The researchers used an experimental set-up that they compare to a pinball machine, with balls moving around in a closed space. In a standard pinball machine, however, the balls are launched one at a time and bounce from one obstacle to the next. In the experimental system, thousands of tiny beads move almost imperceptibly due to the gentle shaking of the container in which they are held, colliding with each other and with the container walls. Because the beads are not perfectly elastic, energy is dissipated during these collisions. Only the external vibration of the container maintains the beads’ chaotic motion; if the container isn’t constantly shaken, the beads quickly stop moving.
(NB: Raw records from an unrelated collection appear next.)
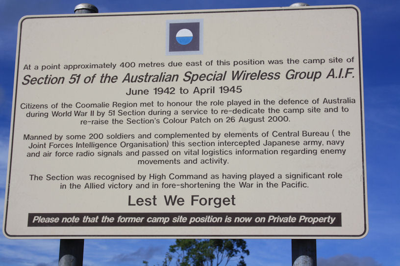 51 Wireless Section was one of the 11 Field Sections of the Australian Special Wireless Group, AIF. They were part of MacArthur and Blamey's new top-secret intelligence unit called Central Bureau which comprised Australian Army, RAAF and US Army personnel. They were stationed at Coomalie Creek near the airfield from 1942 until 1945.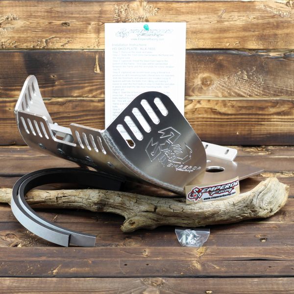 The Emperor Heavy Duty Skid Plate, in our opinion, is the best skid plate available on the market today. With a 3/16″ thick aluminum construction, hand Tig welded wings with an Emperor scorpion logo carved into each side for the bling factor, aluminum mounting brackets and high-grade metric fasteners, you simply can’t go wrong. It also comes with 1/4″ thick x 3/4″ wide foam tape to place between the frame and skid plate for a nice snug fit that will eliminate any possible vibrations. This is the perfect product for the hardcore off-road rider.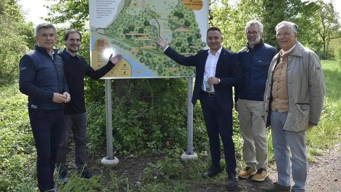 Regionsvorsitzender Stellvertreter Franz Fartek, Biosphärenpark-Manager Andreas Schuster, Regionsvorsitzender Michael Wagner, Regionalmanagement-Geschäftsführer Michael Fend und Bürgermeister Karl Lautner (v. l.) präsentierten das Erlebnisareal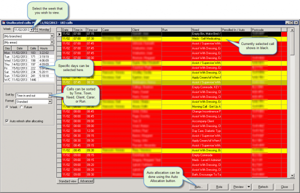 Top Tip: When viewing unallocated calls note that calls will appear in red except time critical calls, which appear in a mustard colour, where the Carer is away these calls will appear in yellow, and the specific call that is highlighted, which appears black.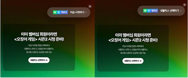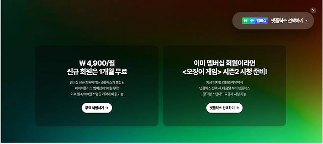 재밌는 건 상단의 플로팅 CTA 영역이야. 네이버 플러스 멤버십을 이미 가입했다면 '네이버 플러스 멤버십 지금 시작하기', 가입헀다면 '넷플릭스 선택하기'가 문구로 등장해. 웹페이지에 접속한 사람의 상태에 따라 CTA 영역을 개인화했다는 점이 좋았어.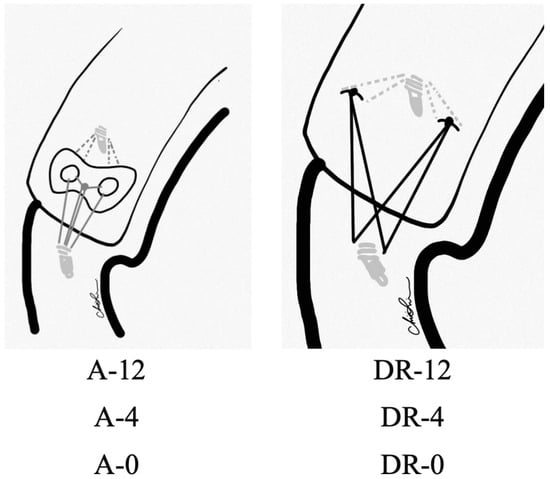 In the A-12 groups, one double-loaded suture anchor was inserted in the medial row first. The sutures were then passed through the torn tendon and the holes of the PEEK augment. After knot tying, four stitches were pulled laterally and fixed into greater tuberosity, with one knotless anchor as the lateral row fixation. The same procedure was carried out in the A-4 and A-0 groups. In the DR-12 group, the same fashion of anchor placement was performed without the PEEK augment, mimicking the commonly used DR technique []. In the DR-4 and DR-0 groups, the infraspinatus tendons were repaired with two double-loaded suture anchors in a double-row manner and knotted at the medial and lateral edges of the tendon footprint. All suture configurations are demonstrated in Figure 1. The A-12, A-4, and A-0 groups served as experiment groups, while DR-12, DR-4, and DR-0 served as control groups.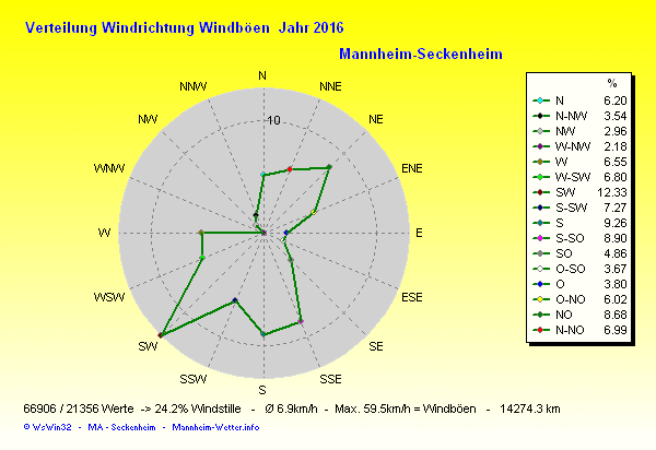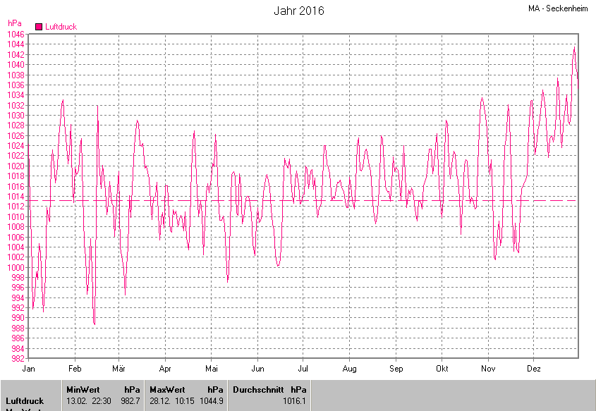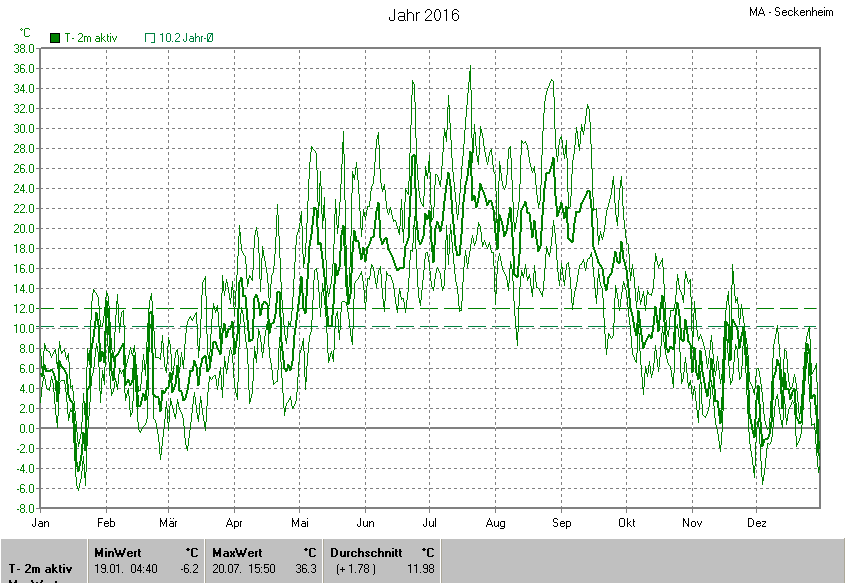 Die Durchschnittstemperatur für das Jahr 2016 lag bei 11.98°C. Die Abweichung vom langjährigen Mittel war +1.78°C.

In this experimental model of a non-equilibrium system, the researchers used a device called a torsion oscillator to act as a thermometer. The torsion oscillator—a wire with a cone-shaped probe at the end—was immersed in the container of beads. When the container was shaken, the beads bombarded the probe, causing the wire to oscillate back and forth like a clock spring.

By looking at the resulting motion of the wire, the scientists were able to determine whether the measured “temperature” followed the rules one would expect in an equilibrium energy conserving system —a system in which energy is not dissipated in collisions. To their surprise, they found that temperature did follow the expected rules, leading them to conclude that even for a dissipative system, a few parameters—such as temperature—can be used to extract essential information concealed in the disordered motion of billions of particles.

In addition to Nori of the Institute of Physical and Chemical Research (RIKEN) in Japan and the Center for Theoretical Physics at the University of Michigan, the research team included: Gianfranco D’Anna and Patrick Mayor of the Ecole Polytechnique Federale de Lausanne in Lausanne, Switzerland; Alain Barrat of the Universite de Paris-Sud in Paris, France; Vittorio Loreto of the Center for Statistical Mechanics and Complexity in Rome, Italy; and Franco Nori of the Institute of Physical and Chemical Research (RIKEN) in Japan and the.

The researchers hope their results will stimulate new ideas in the description of non-equilibrium physics.